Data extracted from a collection
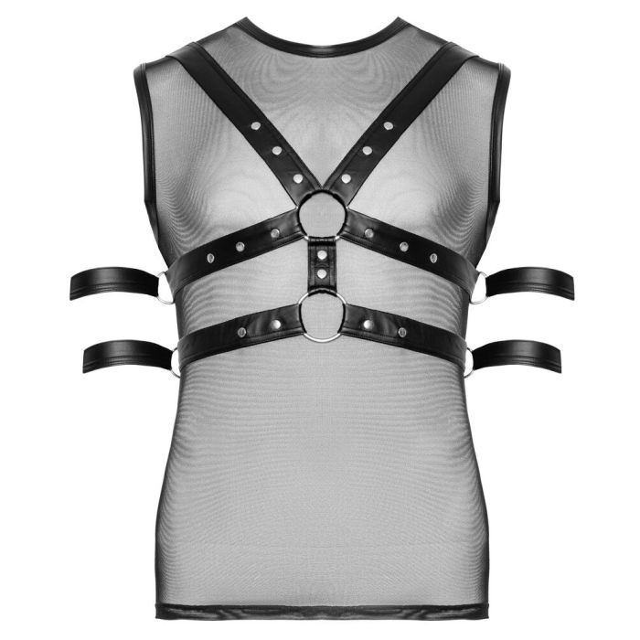 Maak kennis met de Svenjoyment BONDAGE set, een onweerstaanbare combinatie van stijl en functionaliteit die perfect is voor de moderne man die zijn avontuurlijke kant wil verkennen. Dit mouwloze shirt is niet alleen aantrekkelijk, maar ook ontworpen om je lichaam op een flatterende manier te accentueren. De voorkant is gemaakt van fijn Powernet, wat zorgt voor een knuffelige en ademende ervaring, terwijl de matte achterkant een stoere uitstraling geeft. De uitsparingen zijn elegant ingelijst in een matte look, waardoor je een gedurfde, maar toch verfijnde uitstraling hebt.
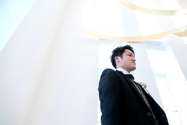 挙式前ですが、緊張も見せず爽やかな表情です^^
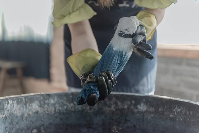 当然,这里最有意思的还是这家蓝染工坊,一条白色的围巾在扎染老师的悉心指导下成为了一条独一无二的极具艺术的艺术手工艺品。
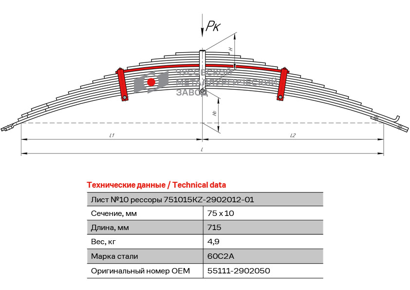 551112902050 OMK AUTO Лист рессоры КАМАЗ-4408,53215,54115,55111,6350 передней №10 с хомутами L=715мм Ч
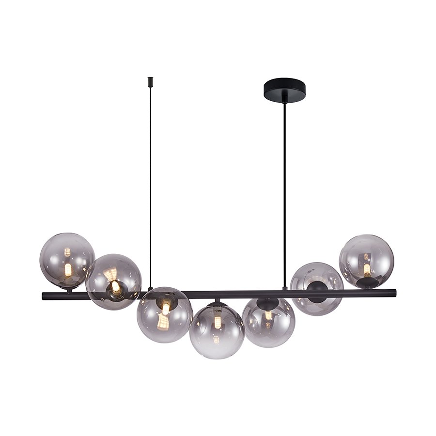 Πολύφωτο-κρεμαστό φωτιστικό, επτάφωτη ράγα, κατασκευασμένη από χειροποίητο γυαλί smoked και μεταλλικό σκελετό σε μαύρο χρώμα.
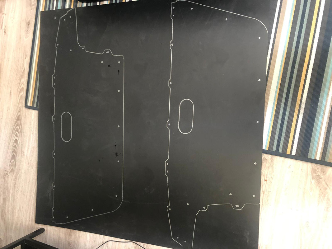 Dupa ce am dat fetele de usi vechi jos, le-am trasat conturul pe foaie neagra de abs (cu un marker cu vopsea alba) inclusiv gaurile pentru clemele oem.
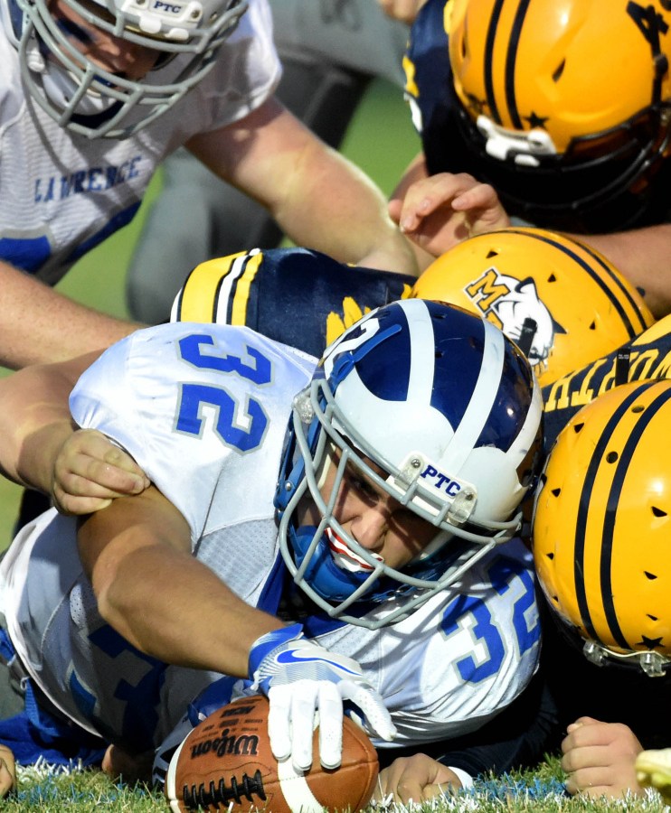 PTC B FOOTBALL: Brewer rushes by Gardiner
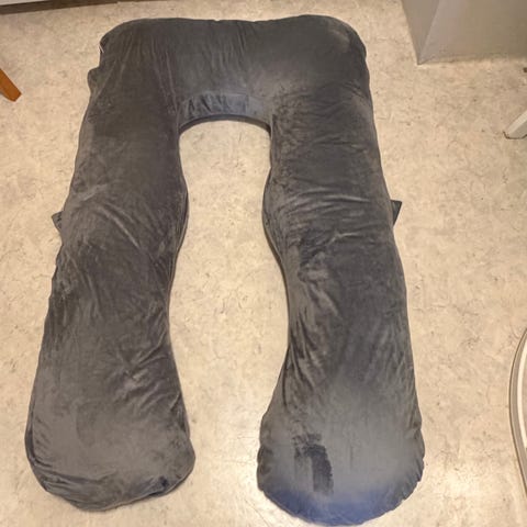 IKEA pute i U-fasong i grønn tekstil. Formen gir støtte rundt kropp og ben, og kan brukes som støttepute i seng eller sofa. Trekket har glatt overflate og puten er fylt med mykt materiale for komfortabel bruk.
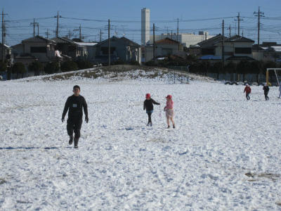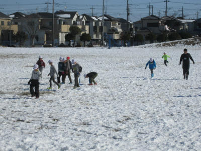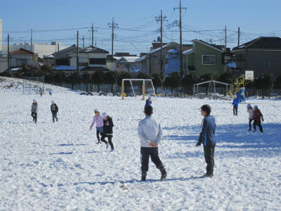 業間休み、雪で遊ぶ子供たちとそれを見守る教師。でも・・・、寒いせいか、遊ぶ子が少ないです。
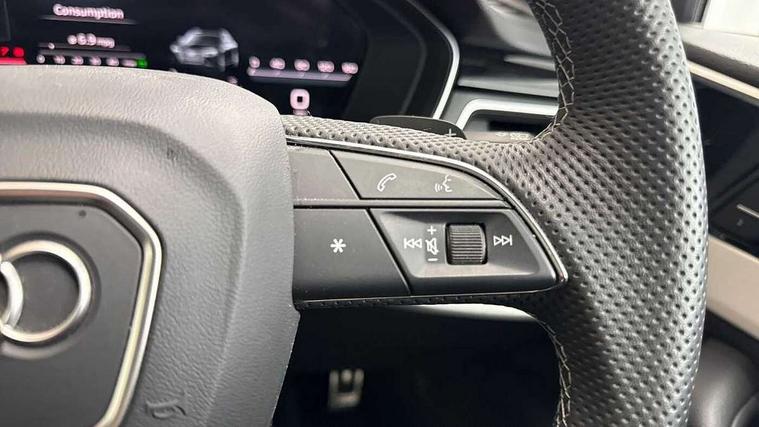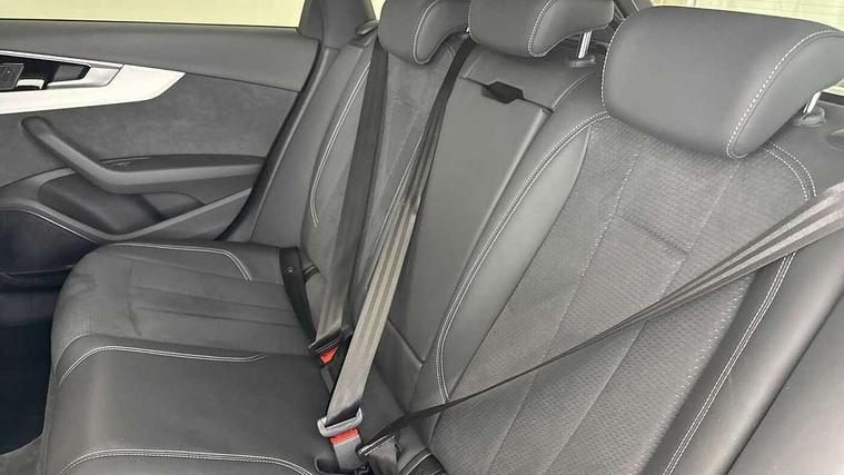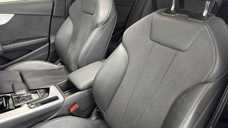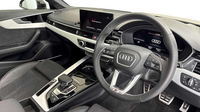 Audi connect safety and service (e-call), Audi drive select, Audi smartphone interface, Audi virtual cockpit, Automatic start-stop system with coasting functionality and efficiency programme, Bluetooth interface, Camera based traffic sign recognition, Electromechanical power steering, Email, calendar and text messages displayed via MMI, Front and rear parking sensors, Lane departure warning, MMI Navigation plus with MMI touch includes 10.1" high resolution colour MMI display, 3D map, Power operated tailgate, Rear view camera, Voice control system, 54 litre fuel tank, Sports suspension lowered by 23mm, 2 USB charging ports, 8 passive loudspeakers, DAB digital radio reception, Aluminium roof rails, Auto dimming rear view mirror, Body colour door handles, Body colour front spoiler lip, Body colour side sill trim, Body coloured door mirrors, Electric adjustable/heated/folding door mirrors with auto dimming, Grained matt black side air inlets with matt aluminium silver inlay, High beam assistant, Honeycomb structure radiator grille in grained matt black, LED headlights with LED rear lights + dynamic rear indicators + headlight adjustment and high beam, turning light + LED daytime running lights, LED third brake light, Matt aluminium silver tailpipe trim, Privacy glass, Rain and light sensors, Rear side wing doors, Rear wiper, S Line badges on the front wings, S line front and rear bumpers with side skirts, S Line rear diffuser in matt anthracite black with trim strip in matt aluminium silver, S Line roof edge spoiler, Variable intermittent front wash/wipe, Windscreen with acoustic glazing, 3 spoke high multi-function sports leather steering wheel grips in perforated leather with S badging including paddle shift, 4 way electric lumbar support for driver and front passenger, 40/20/40 split folding 3 rear seat bench in 3 parts with rear centre armrest, Black carpets, Black cloth headlining, Black perforated leather gearknob, Contrast stitching on seats, steering wheel and gear lever gaiter, Deluxe 3 zone electronic climate control, Electric load area cover, Front and rear head restraints, Front centre armrest, Heated front seats, Illuminated door sill trims with S logo, ISOFIX child seat mounting and top tether, Manual seat adjustment, Single front passenger seat, Stainless steel pedals and foot rest, High gloss package - A4, LED Interior light pack - A4/S4, 3 rear seatbelts, 6 airbags - Driver, front passenger, curtain and side windows, Attention and drowsiness assist, Electronic Stabilisation Control (ESC) including ABS, ASR and EDL, Hill hold assist, Multi collision brake assist, Pop-up bonnet for pedestrian protection, Pre sense city, Rear door child safety locks, Seatbelt monitoring, Warning triangle and first aid kit, Anti theft alarm, Anti theft wheel bolts, Central locking, Keyless Go, Matt brushed aluminium inlays, Tool kit, Tyre repair kit,
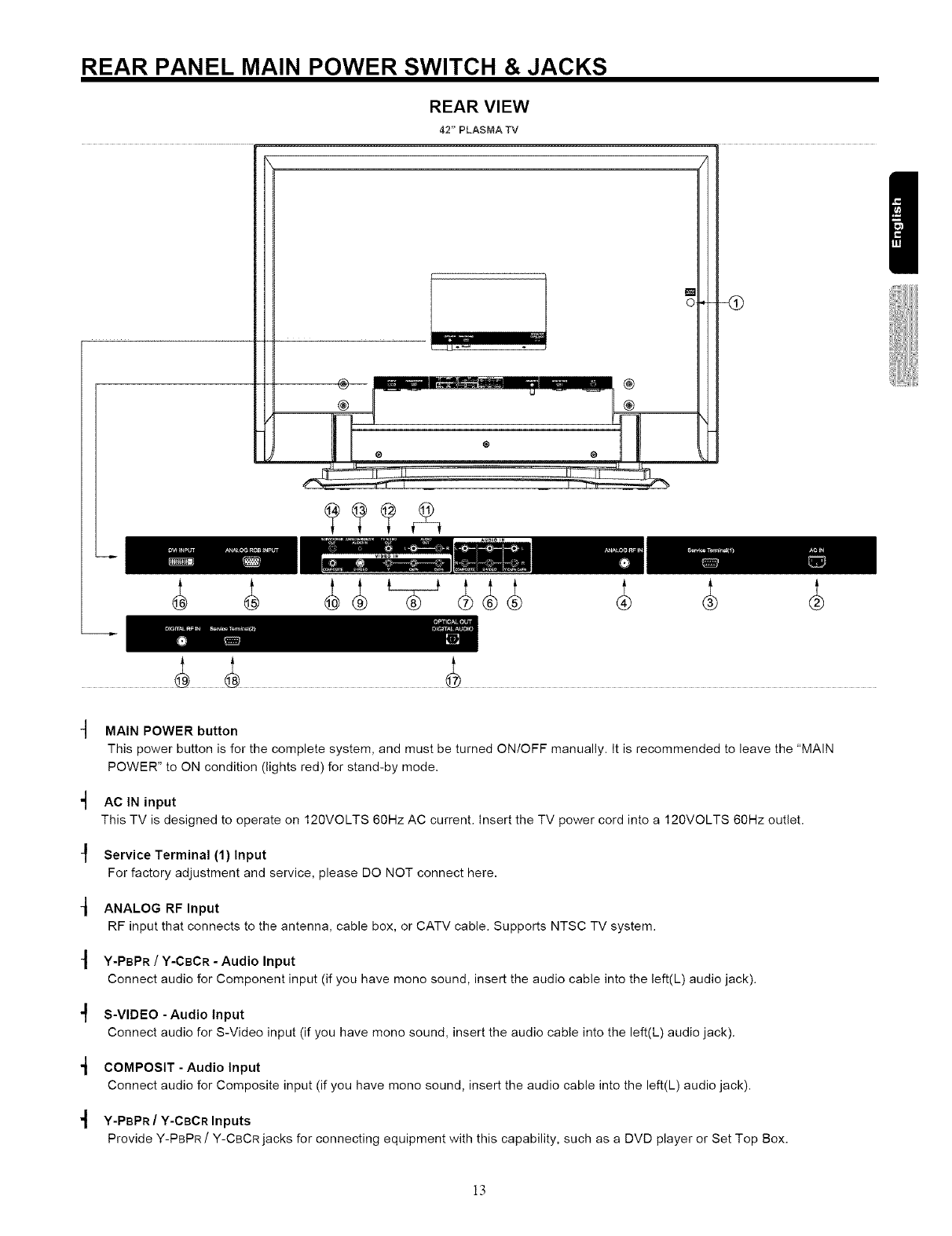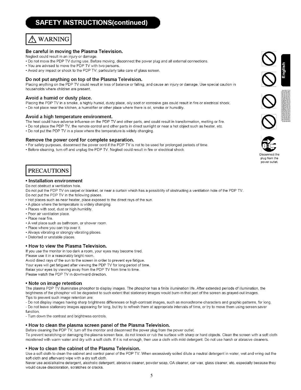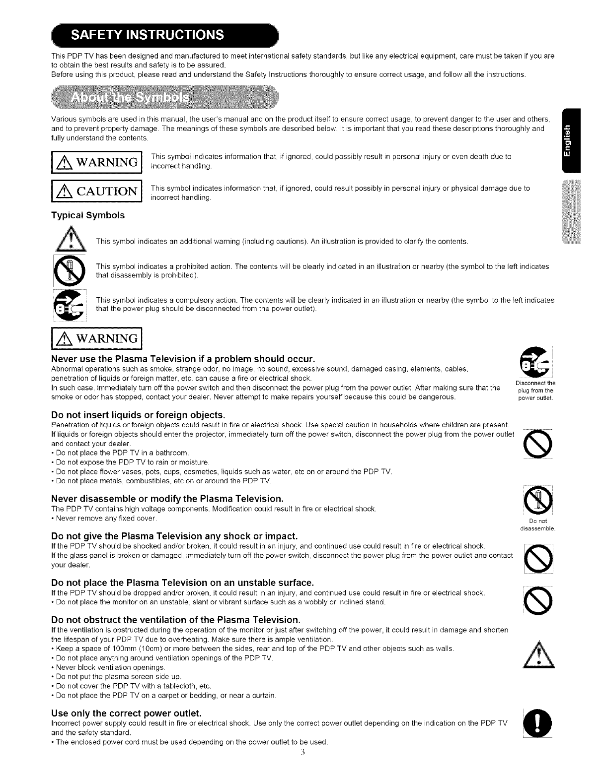 THIS PLASMA TELEVISION IS DESIGNED TO OPERATE ON 120 VOLTS 60Hz, AC CURRENT. INSERT THE PLASMA
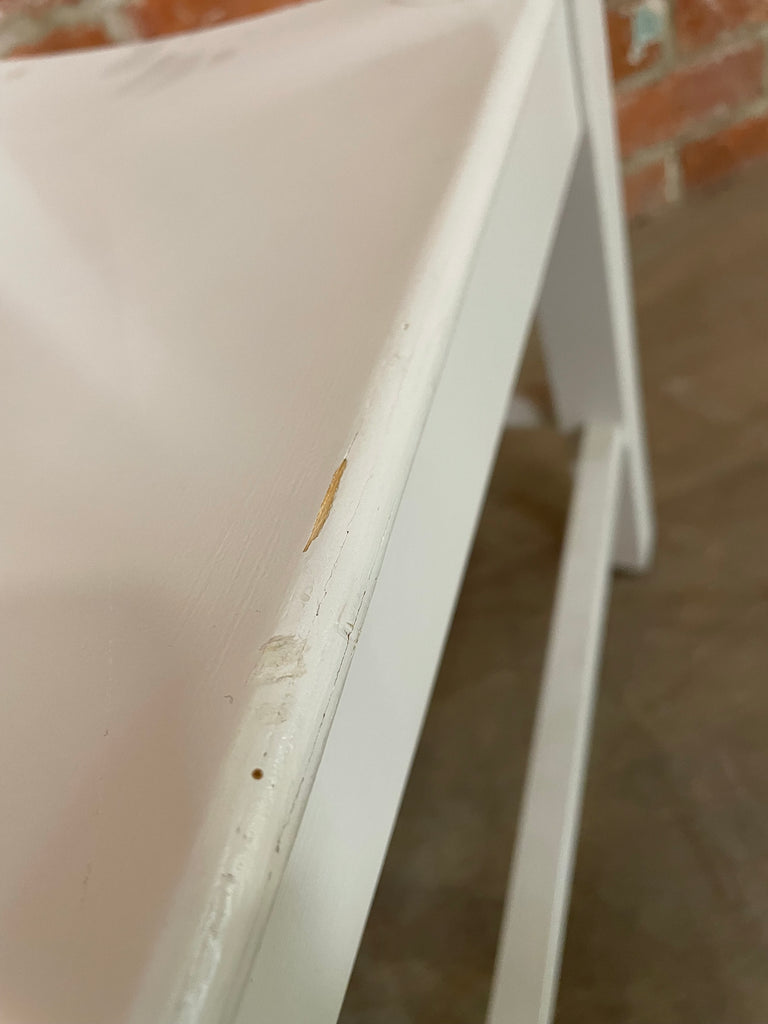 - Scratches, marks, chips, dents and imperfections to the painted finish across the frame, legs and seat
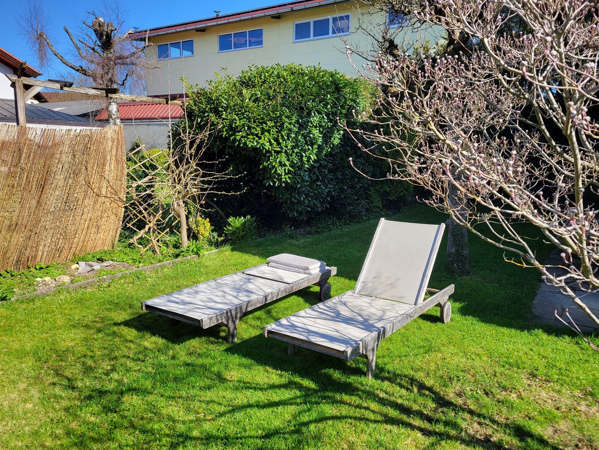 Der Garten liegt hinter dem Haus und kann gerne zum Verweilen auf Sonnenliegen oder am Abend zum gemütlichen Beisammensein am Feuer genutzt werden.
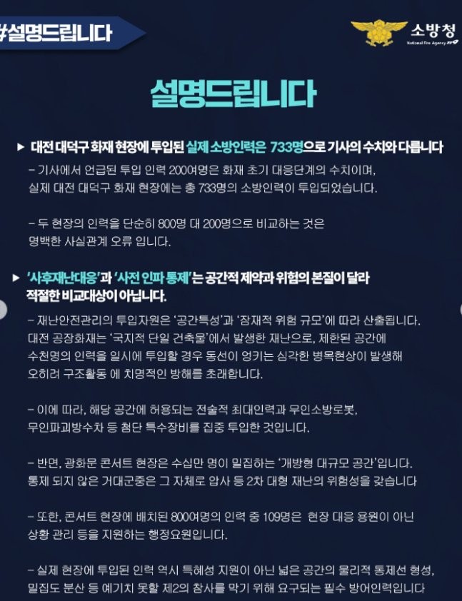 또한 “실제 현장에 투입된 인력 역시 특혜성 지원이 아닌 넓은 공간의 물리적 동제선 형성, 밀집도 분산 등 예기치 못한 제2의 참사를 막기 위해 요구되는 필수 방어인력”이라고 설명하며 끝으로 “대전 공장화재 수습에 최선을 다하고 대규모 인파 밀집 행사장의 선제적 안전관리에도 국가의 당연한 책무를 흔들림 없이 수행할 것”이라고 말했다.
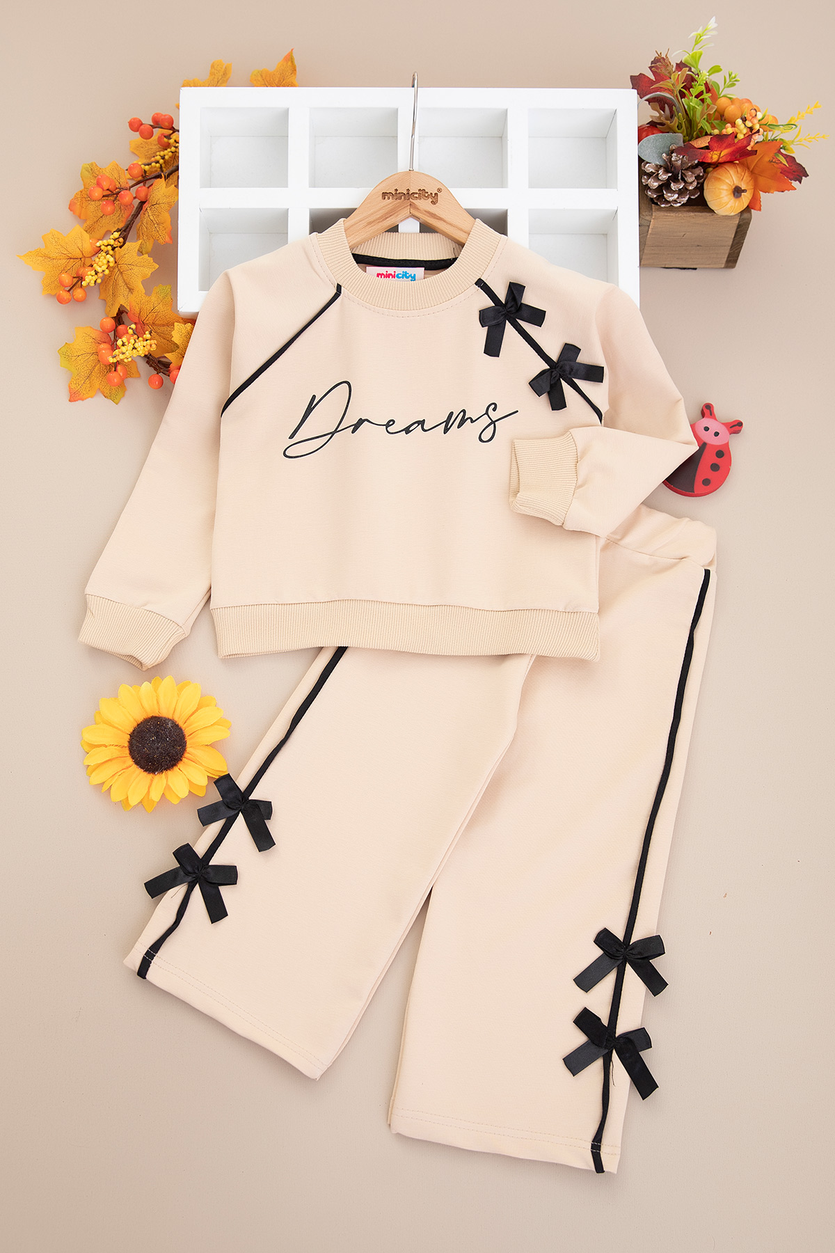 Kız Çocuk Fiyonklu Dreams Baskılı Takım (2-10 Yaş)

= Task objective =
In the records above, find the line with "当然,这里最有意思的还是这家" and the line with "業間休み、雪で遊ぶ子供たちと", then restate word for word only those two lines and all lines between, omitting pictures.

= Exercise response =
 当然,这里最有意思的还是这家蓝染工坊,一条白色的围巾在扎染老师的悉心指导下成为了一条独一无二的极具艺术的艺术手工艺品。
 551112902050 OMK AUTO Лист рессоры КАМАЗ-4408,53215,54115,55111,6350 передней №10 с хомутами L=715мм Ч
 Πολύφωτο-κρεμαστό φωτιστικό, επτάφωτη ράγα, κατασκευασμένη από χειροποίητο γυαλί smoked και μεταλλικό σκελετό σε μαύρο χρώμα.
 Dupa ce am dat fetele de usi vechi jos, le-am trasat conturul pe foaie neagra de abs (cu un marker cu vopsea alba) inclusiv gaurile pentru clemele oem.
 PTC B FOOTBALL: Brewer rushes by Gardiner
 IKEA pute i U-fasong i grønn tekstil. Formen gir støtte rundt kropp og ben, og kan brukes som støttepute i seng eller sofa. Trekket har glatt overflate og puten er fylt med mykt materiale for komfortabel bruk.
 業間休み、雪で遊ぶ子供たちとそれを見守る教師。でも・・・、寒いせいか、遊ぶ子が少ないです。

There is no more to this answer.